Since my upgrade to 4.1.1, I've had a problem with the hobbitd_client crashing at least 3-4 times a day. The core files are generated in hobbit/server/tmp and the process is restarted. An alert is also sent under the test name 'hobbitd_client'. Here is the stack trace from the latest core file. Please note that the server name has been masked after the fact. An interesting side note is that it always seems to dump on the same client server. Note that the client is running the new Hobbit software.
Also, I recently made a change to increase the max message size to 800,000 bytes.
[root at sac-pmon-01 tmp]# gdb ../bin/hobbitd_client core.19313 GNU gdb Red Hat Linux (6.1post-1.20040607.41rh) Copyright 2004 Free Software Foundation, Inc.
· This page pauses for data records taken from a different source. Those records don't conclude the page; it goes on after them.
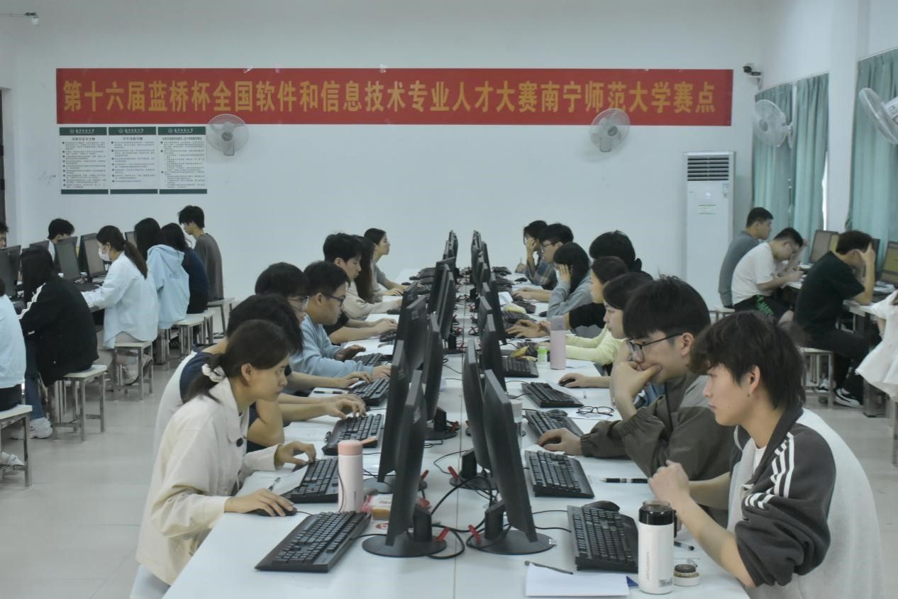 4月12日,人工智能学院/曙光大数据学院承办的第十六届“蓝桥杯”全国软件和信息技术专业人才大赛个人赛(软件赛)省赛成功举办。本次比赛在地信楼共设立4个机房考场,比赛以机试形式进行,全程4小时。来自beat365官网人工智能学院、物流管理与工程学院、物理与电子学院、广西工业职业技术学院和广西安全工程职业技术学院的143名选手参与竞赛,其中,beat365官网选手占86%。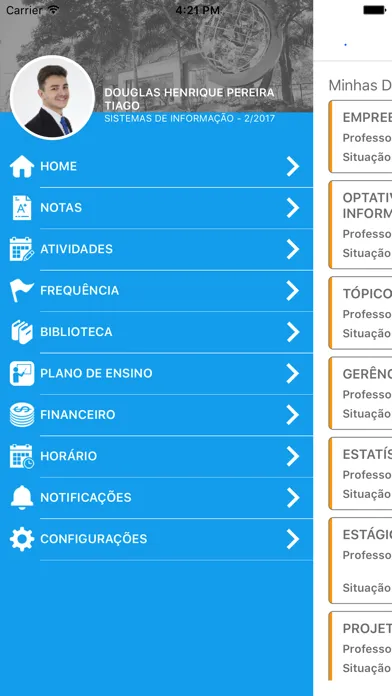 O aplicativo permite que os alunos do Centro Universitário de Patos de Minas – UNIPAM acessem o plano de ensino, plano de aula, notas, atividades, frequência, materiais, financeiro, biblioteca e horário.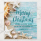 Des étiquettes de vin de vacances d'entreprise de plage personnalisées mignonnes pour une entreprise d'île tropicale. Personnalisez ces jolies étiquettes de cadeau de Noël en bois et coquillages de couleur bleu sarcelle avec le nom de votre société côtière ou autre texte professionnel côtier.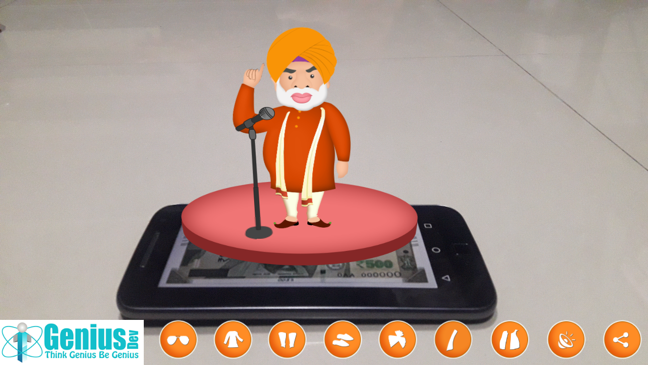 You can scan new ₹ 2000 or ₹ 500 RS note and you will see Modi ji Cartoon with Various Options Just one tap to set Specs,Turban,Shoes,Trouser,Pyjamas,Mic.

GDB is free software, covered by the GNU General Public License, and you are welcome to change it and/or distribute copies of it under certain conditions. Type "show copying" to see the conditions. There is absolutely no warranty for GDB. Type "show warranty" for details. This GDB was configured as "x86_64-redhat-linux-gnu"...Using host libthread_db library "/lib64/tls/libthread_db.so.1".
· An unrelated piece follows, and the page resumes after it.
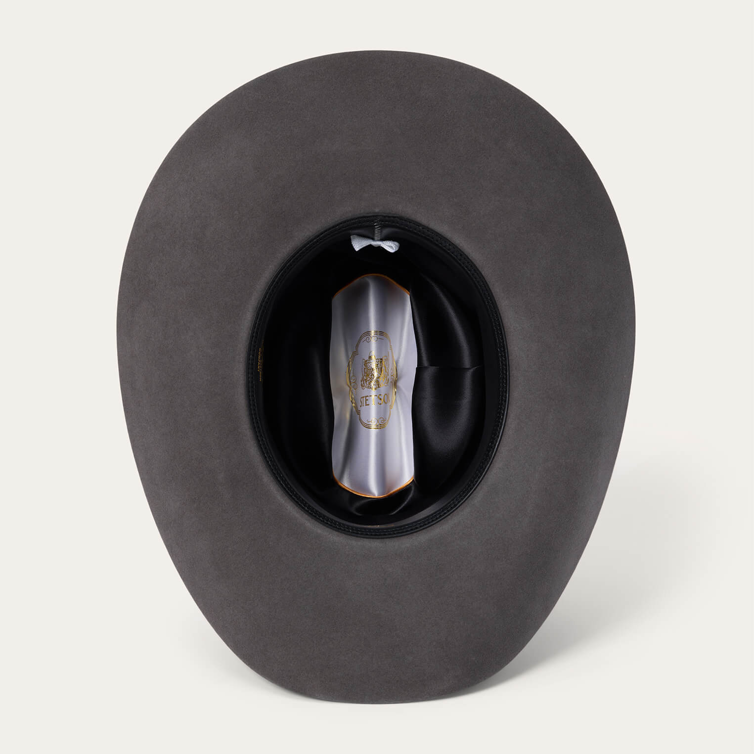 A true Stetson icon, our Shasta combines premier quality and classic Western style in one timeless package. It’s crafted from our proprietary 10X fur felt, which is prized for its durability and elegant feel, and, as with all hats that come out of our factory in Texas, each Shasta is touched by more than 100 sets of hands during production, resulting in a hat that is designed and built to stand the test of time. This edition features a 7242 profile, which translates to a 4 1/4” cattleman crown and 4 1/4” brim. Like all Shastas, it’s finished with a matching self-felt band and three-piece, genuine sterling silver buckle with gold JBS letters—a nod to our founder John B. Stetson, whose trailblazing spirit and commitment to quality live on in everything we make. A handsewn genuine leather sweatband and full satin liner provide a time-tested fit and premium comfort.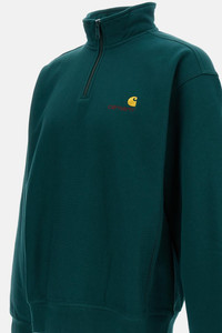 Half-zip sweatshirt with Carhartt "American Script" logo, made from soft cotton/polyester blend fabric for maximum comfort and durability. Casual design with high collar and zipper, perfect for layering or everyday wear. Urban and sporty style, ideal for every season. Details and Care Color: Verde Composition: 80% CO 20% PL Made in: Cambogia Sku: I02701405AXX

Core was generated by `hobbitd_client'. Program terminated with signal 6, Aborted. Reading symbols from /usr/local/lib/libpcre.so.0...done. Loaded symbols for /usr/local/lib/libpcre.so.0 Reading symbols from /lib64/tls/libc.so.6...done. Loaded symbols for /lib64/tls/libc.so.6 Reading symbols from /lib64/ld-linux-x86-64.so.2...done. Loaded symbols for /lib64/ld-linux-x86-64.so.2 #0 0x0000003b1a82e4dd in raise () from /lib64/tls/libc.so.6 (gdb) bt #0 0x0000003b1a82e4dd in raise () from /lib64/tls/libc.so.6 #1 0x0000003b1a82fc8e in abort () from /lib64/tls/libc.so.6 #2 0x000000000040c9a3 in sigsegv_handler (signum=19313) at sig.c:57 #3 <signal handler called> #4 0x0000003b1a86eab0 in strchr () from /lib64/tls/libc.so.6 #5 0x00000000004045bb in handle_solaris_client ( hostname=0x513a8c "wal-ddbs-01.x.x.x.com <http://wal-ddbs-01.x.x.x.com>", hinfo=0x6e5370, sender=0x3d <Address 0x3d out of bounds>, timestamp=4252624, clientdata=0x0) at solaris.c:62 #6 0x0000000000405079 in main (argc=5323443, argv=0x7fffffffd348) at hobbitd_client.c:807 (gdb)
[root at sac-pmon-01 tmp]# gdb ../bin/hobbitd_client core.11307 GNU gdb Red Hat Linux (6.1post-1.20040607.41rh) Copyright 2004 Free Software Foundation, Inc. GDB is free software, covered by the GNU General Public License, and you are welcome to change it and/or distribute copies of it under certain conditions. Type "show copying" to see the conditions. There is absolutely no warranty for GDB. Type "show warranty" for details. This GDB was configured as "x86_64-redhat-linux-gnu"...Using host libthread_db library "/lib64/tls/libthread_db.so.1".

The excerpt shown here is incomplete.